Energy operations and investments are managed with real option models that embed timing and/or switching decisions, where the former and latter types of decisions change irreversibly and reversibly, respectively, the status of the real asset. Optimizing the flexibility in these models requires solving a finite-horizon Markov decision process with finite endogenous states but a high-dimensional and continuous exogenous state space, which is typically intractable and requires heuristic approaches. Least squares Monte Carlo (LSM) is a popular approximate dynamic programming method for this purpose while a known forecast-based reoptimization heuristic (FRH) is not well suited to handle timing decisions. We develop a network dual reoptimization framework that leverages network flow algorithms and employs a novel class of partial information relaxations to overcome this shortcoming. Our framework provides both a new policy and a dual bound and we establish that: (i) the decisions taken by our policy are equivalent to solving a scenario-based two-stage stochastic program but computationally more efficient since scenarios are solved independently; and (ii) our dual bound is tighter than the known penalized perfect information bound. Numerical experiments on two energy real options dealing with commodity production and vehicle fleet upgrade show that our policy outperforms FRH by 10-20\% and LSM by to 2-5\%, while our dual bound improves by less than 1\%.

209:00 — Reinforcement Learning for Energy-Efficient Job Shop Scheduling with Large Structured Action Spaces

Over the past years, reinforcement learning has gained increasing traction in the operations research community, with novel solution methods proposed in computer science finding their way to solve sequential planning and scheduling problems.

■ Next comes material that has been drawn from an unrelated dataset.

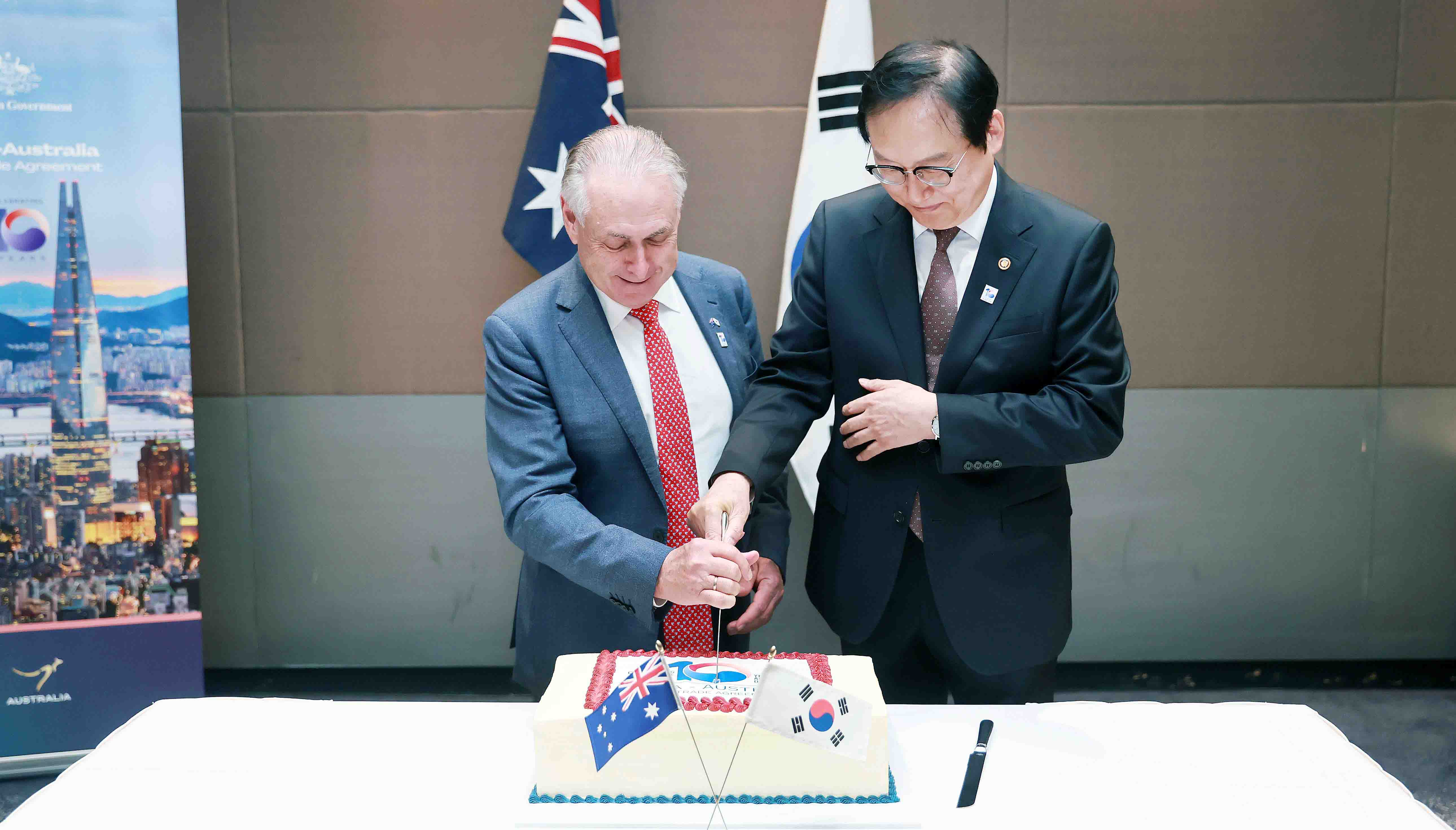 Minister for Trade Inkyo Cheong attended the 10th Anniversary Commemoration Ceremony of the Korea-Australia FTA on September 3 in Perth with Australia’s Trade and Tourism Minister Don Farrell, Minister for Infrastructure, Transport, Regional Development and Local Government Catherine King and other relevant representatives and gave a congratulatory message and took part in the cake cutting ceremony. date2024-09-03

Although many methods have been proposed to handle large state spaces, combinatorial optimization problems are also well-known for their extremely large decision spaces. Despite their size, such decision spaces often display spatiotemporal structures and desirable properties such as convexity, which are often exploited through mathematical programming. This research proposes a novel algorithmic pipeline, in which local decision neighborhoods are generated and formulated as mathematical programs. These neighborhoods are subsequently explored based on Q-values, utilizing both mathematical programming and simulated annealing to identify improving actions. The proposed pipeline is applied on a stylized variant of a job shop scheduling problem, in which energy consumption is required to be balanced. Performance is shown to match or outperform state-of-the-art embedding methods and scales beyond enumerable decision spaces.

309:30 — Stochastic Approximation for Upper Bound Optimization in Markov Decision Processes

Markov decision processes (MDPs) with small endogenous states are prevalent in options pricing, investment planning, and operations. Solving these problems is difficult because of the presence of a high-dimensional exogenous state driven by a stochastic process. Computing an upper bound of the optimal policy of such MDPs is important for assessing the quality of heuristic policies. Approximate linear programming (ALP) and pathwise optimization (PO) are two established approaches that minimize an upper bound on the optimal policy value. However, they often lead to challenging semi-infinite linear programs. PO is known to provide better upper bounds than ALP. We propose a new ALP relaxation formulation based on surrogate relaxation using exogenous state information. The upper bound computed by this model is better than that of ALP and converges to the MDP optimal policy value under appropriately sampled basis functions. In addition, we show a relationship between the upper bounds of PO and our ALP relaxation and also compare these two models more broadly. We develop first-order methods to solve our ALP relaxation with convergence guarantees and show that optimized upper bounds for MDPs with small endogenous states can be computed more efficiently than using ALP.

410:00 — Reinforcement Learning or Policy Sampling: An Online Coupling Policy with an Energy Storage Application

We propose a new approach for solving episodic sequential decision problems that occur under unknown uncertainty. The approach leverages concurrent real-time simulation to couple online reinforcement learning with a multi-armed bandit type of online learning approach that we introduce under the name policy sampling. We show the theoretical performance guarantees of the proposed coupling policy, and illustrate the new method by applying it to an energy storage management problem.